A type of active transport that moves particles, such as large molecules, parts of cells, and even whole cells, into a cell. There are different variations of endocytosis ( Phagocytosis, pinocytosis, & receptor-mediated), but all share a common characteristic: The plasma membrane of the cell invaginates, forming a pocket around the target particle. The pocket pinches off, resulting in the particle being contained in a newly created intracellular vesicle formed from the plasma membrane.

Question 36

What is Phagocytosis?

Answer 36

Phagocytosis (the condition of “cell eating”) is the process by which large particles, such as cells or relatively large particles, are taken in by a cell. In preparation for phagocytosis, a portion of the inward-facing surface of the plasma membrane becomes coated with clathrin (a protein), which stabilizes this section of the membrane. The coated portion of the membrane then extends from the body of the cell and surrounds the particle, eventually enclosing it. Once the vesicle containing the particle is enclosed within the cell, the clathrin disengages from the membrane and the vesicle merges with a lysosome for the breakdown of the material in the newly formed compartment (endosome). When accessible nutrients from the degradation of the vesicular contents have been extracted, the newly formed endosome merges with the plasma membrane and releases its contents into the extracellular fluid. The endosomal membrane again becomes part of the plasma membrane.

Question 37

What is pinocytosis?

Answer 37

Means “cell drinking”. A process that takes in molecules, including water, which the cell needs from the extracellular fluid. Results in a much smaller vesicle than does phagocytosis, & the vesicle does not need to merge with a lysosome.

Question 38

What is potocytosis?

Answer 38

A variation of pinocytosis that uses caveolin (coating protein), on the cytoplasmic side of the plasma membrane, which performs a similar function to clathrin. The cavities in the plasma membrane that form the vacuoles have membrane receptors and lipid rafts in addition to caveolin.

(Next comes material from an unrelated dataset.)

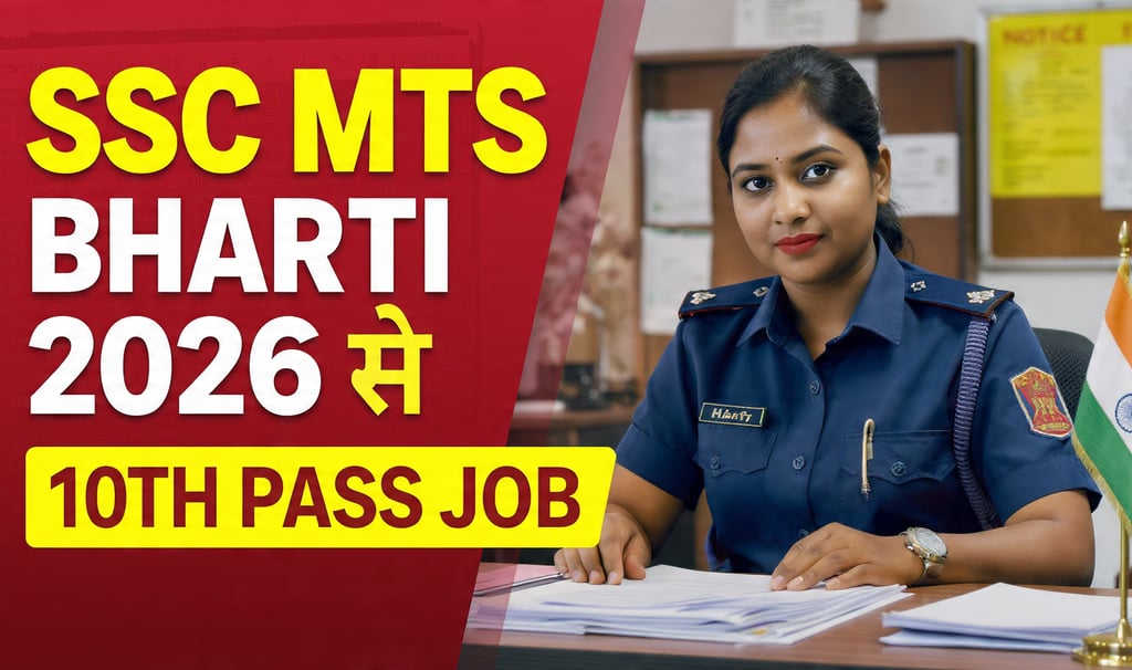 SSC MTS Bharti 2026 ke liye Staff Selection Commission dwara Multi Tasking Staff (MTS) aur Havaldar posts par notification jald release kiya ja sakta hai. 10th pass candidates is central government job ke liye online apply kar sakte hain. Pay Level 1 ke anusar salary тВ╣18,000 se тВ╣56,900 per month tak ho sakti hai, saath hi DA, HRA aur anya allowances bhi milte hain. Selection process me Computer Based Test (CBT) shamil hoga, aur Havaldar post ke liye Physical Efficiency Test bhi conduct kiya jayega. Is article/video me aapko age limit, eligibility criteria, exam pattern, salary details aur official apply link ki complete jankari milegi. Online form bharne se pehle official notification jarur check karein.

The vacuoles or vesicles formed in caveolae (singular caveola) are smaller than those in pinocytosis. Potocytosis is used to bring small molecules into the cell and to transport these molecules through the cell for their release on the other side of the cell, a process called transcytosis.

Question 38

What is receptor-mediated endocytosis?

Answer 38

Employs receptor proteins in the plasma membrane that have a specific binding affinity for certain substances

Question 39

What is excytosis?

Answer 39

Its purpose is to expel material from the cell into the extracellular fluid. Waste material is enveloped in a membrane and fuses with the interior of the plasma membrane. This fusion opens the membranous envelope on the exterior of the cell, and the waste material is expelled into the extracellular space.